A team of researchers led by Dr. Thomas Gerasimidis of Aristotle University of Thessaloniki has completed nearly a quarter of a century of painstaking studies on the last days of Alexander the Great’s life, concluding that the conqueror died of pancreatic necrosis, and not malaria, typhoid fever or pneumonia, as previously thought, Sputnik Greece has reported.
Dr. Gerasimidis, a veteran professor of medicine, began studying Alexander’s final days in 1995, carefully analysing the symptoms experienced by the Macedonian king, as described by ancient historians including Arrian, considered one of the best sources on Alexander’s campaigns, and others ranging from Ptolemy and Plutarch to Quintus Curtius. He called this approach "evidence-based medicine."

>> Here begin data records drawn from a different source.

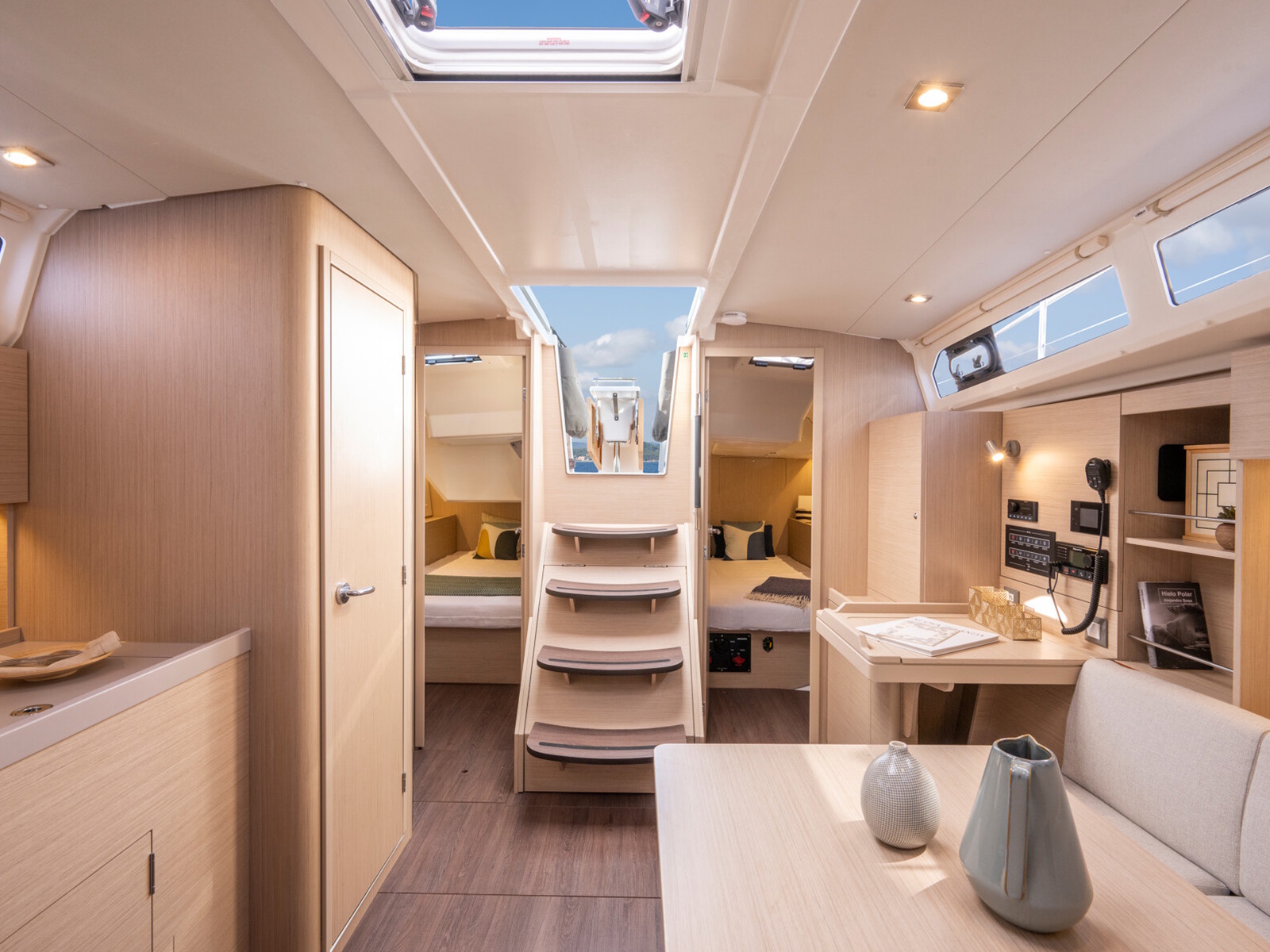 The saloon is offset to port with a sofa for relaxing and a comfortable table for six, facing the lengthwise galley.
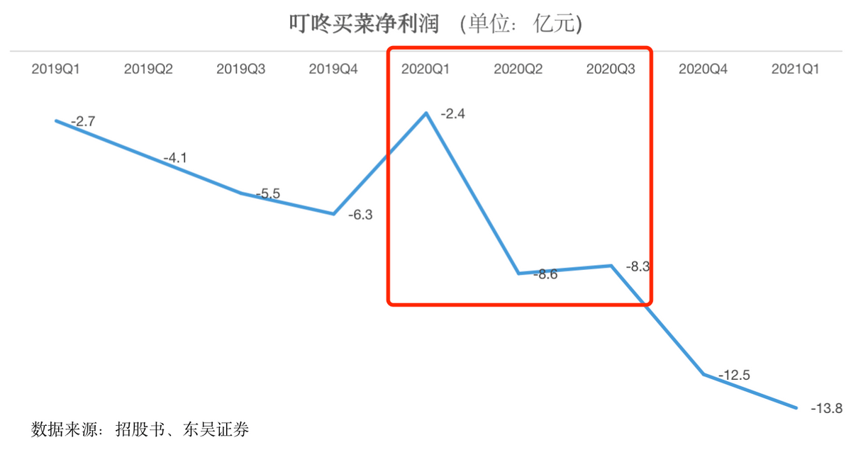 2020年前三季度,疫情期间的叮咚买菜由于客户规模增加,使得公司亏损有收窄迹象。在疫情最严重的第一季度,公司仅亏损2.4亿元,同比增长了10.86%,是近三年来亏损幅度最小的一个季度。
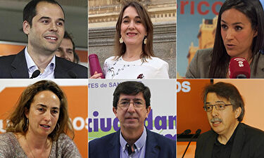 De izquierda a derecha: Aguado, Rivera de la Cruz, Villacís, Punset, Marín y Pericai | Ciudadanos
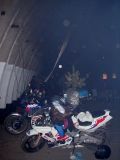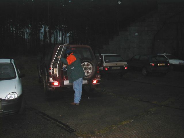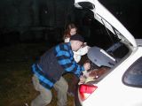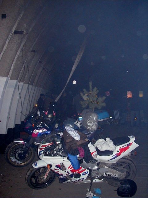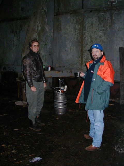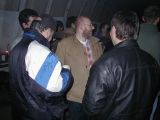 Ježto jsme nestihli sraz v Mimoni ve 3 a do dalšího srazu v 16:30 to bylo ještě dost daleko, rozhodli jsme se najít hangár sami. Robert se ukázal jako dokonalý navigátor a trefili sme to napoprvé (no pravda je, že on už tam jednou byl). Náš příjezd byl nedočkavě očekáván, vícemeně proto, že jsme vezli sud s pivem. Jinak by po nás pravděpodobně neštěkla ani místní liška. Prostor před hangárem byl plný lidí, aut. Chtěl jsem vyrobit nějaké dokonalé dokumentační foto, ale už byla tma. Já na tom letišti ještě nikdy nebyl, takže to na mě udělalo patřičný dojem. Je to úžasný a hnusný zároveň.
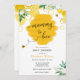 Convite para chá de fraldas, com tema de abelhas, honrando a mamãe! Design apresenta pentes de alevins de aquarela, florais brancos e verde com ilustrações adoráveis de abelhas. Personalize com suas informações ou clique em "Clique para personalizar mais" para editar estilos de fonte, tamanho e cores.
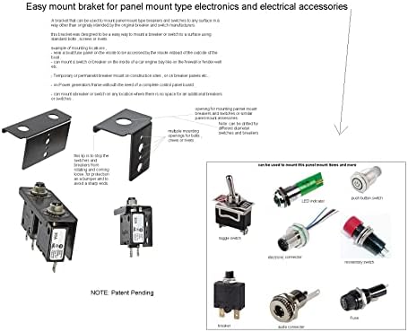Patented Bracket for Mounting panel mounted electronics on any surface , Ideal for panel mount push button Circuit Breakers , Toggle Switches or Push Button switches , Led warning Lights, Fuse Holders , panel mount connectors and much more . made with high quality marine grade 5052 anodize aluminum for great whether resistance. Accessory Mount Hole Size 15/32" inches or 12mm , Can fit most standard size Toggle switches, push button thermal Breakers and many more panel mounted accessories. Patent: US 11,268,652 B2
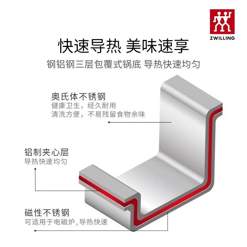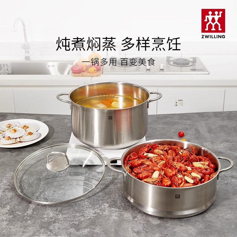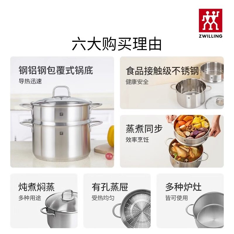 双立人24cm汤锅蒸笼不锈钢蒸锅蒸屉家用多层电磁炉燃气蒸煮锅官方
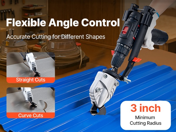 Sähköinen pelti- ja levyleikkuri 4,0 ampeerin moottorilla 360 asteen kääntyvällä leikkuupäällä
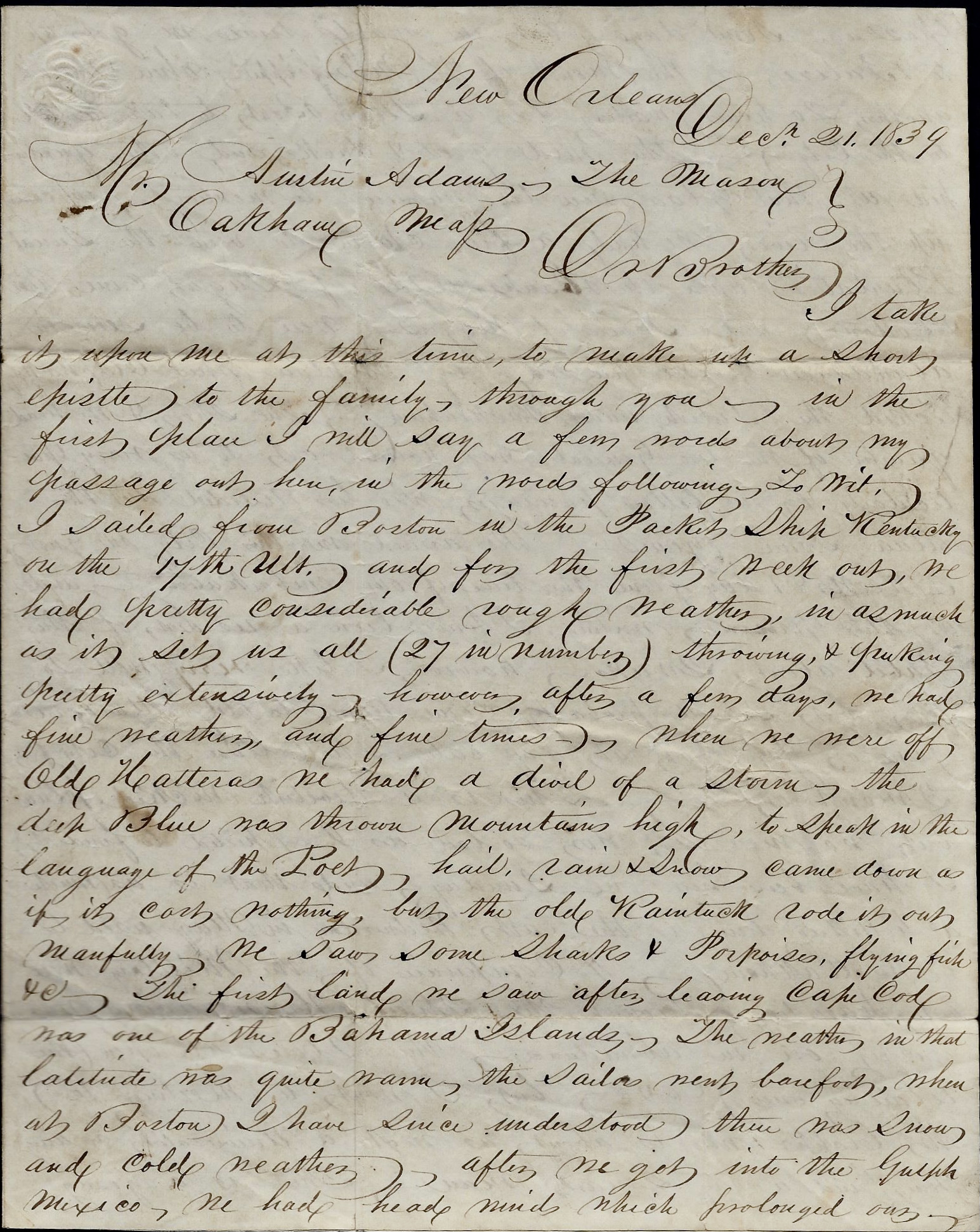 This letter was written by Lyman Adams (1815-1859), the son of Dr. Charles Adams and Sarah McAllister (17901868) of Oakham, Massachusetts. The letter was datelined from New Orleans in late December 1839, less than two weeks after his arrival in the Crescent City and captures his first impressions of the city and its inhabitants.
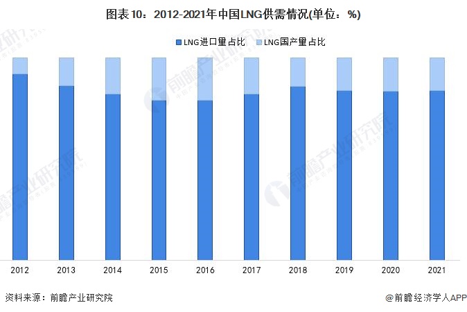 整体来看,液化天然气(LNG)市场供需在“增储上产七年行动计划”的持续推进下,国内LNG产量快速增长,LNG进口占比近年来相对稳定。2021年我国LNG需求量中进口占比83.71%,与2020年基本持平。

After careful analysis, the professor concluded that severe sepsis, brought on by acute pancreatic necrosis, took the life of the undefeated commander, with the disease believed to have been brought on by gallstone disease, and the commander’s love for rich foods and alcohol.
“The onset of the symptoms was [characterised by] severe abdominal pain after a rich meal and wine, followed by fever, and a daily progressive, fatal degradation over fourteen days,” Dr. Gerasimidis explained, speaking to Sputnik Greece.
According to the researchers’ sources, on the first day of his illness, which struck him in Babylon (in present-day Iraq) while he was planning the conquest of Rome and Carthage, Alexander felt severe abdominal pain and had a fever, prompting doctors to induce vomiting, and follow that up with cold baths. But the commander’s fever, sweating and chills continued, eventually compounding into difficulty breathing, exhaustion, jaundice and delirium.
After fourteen days, on June 13, 323 BC, Alexander the Great died of severe sepsis at the age of 32, Dr. Gerasimidis concluded.
Along with the pancreatic necrosis diagnosis, the professor also rejected other hypotheses regarding Alexander’s death. He noted, for example, that malaria does not usually cause death so quickly, or with the symptoms seen in Alexander’s case. Pneumonia, meanwhile, is rarely known to cause abdominal pain. Typhoid fever and West Nile Virus were also ruled out by researchers due to the lack of appropriate symptoms.
The professor also rejected the recently proposed theory that Alexander was suffering from Guillain-Barre Syndrome (GBS), a rare autoimmune disorder in which the body’s immune system attacks it, causing symptoms ranging from weakness of the limbs and organ failure and ending with complete paralysis. The scholar maintained that high fever and abdominal pain were the main symptoms exhibited by the commander, according to the records, thus making the GBS theory moot. Furthermore, the view that Alexander experienced the onset of paralysis while maintaining his cognitive functions cannot be true, since all available sources pointed to a progressive loss of consciousness.
Finally, Dr.Gerasimidis challenged the theory that Alexander may have been poisoned, saying that given the comparitively primitive nature of the poisons available at the time, the king would have been dead within several hours if he consumed one, rather than going on to live and suffer another 14 days.
Alexander the Great’s decade-long campaign of conquest led to the spread of Greek culture, language and influence across much of the Middle East, the Persian Empire, western Asia and northeastern Africa. His reign spawned the ‘Hellenistic period’, during which distant territories spread across thousands of kilometres were subject to Greek influence. His legacy includes the founding of multiple cities, including Alexandria, Egypt, the construction of great temples, and the rise of trade between Europe and Asia.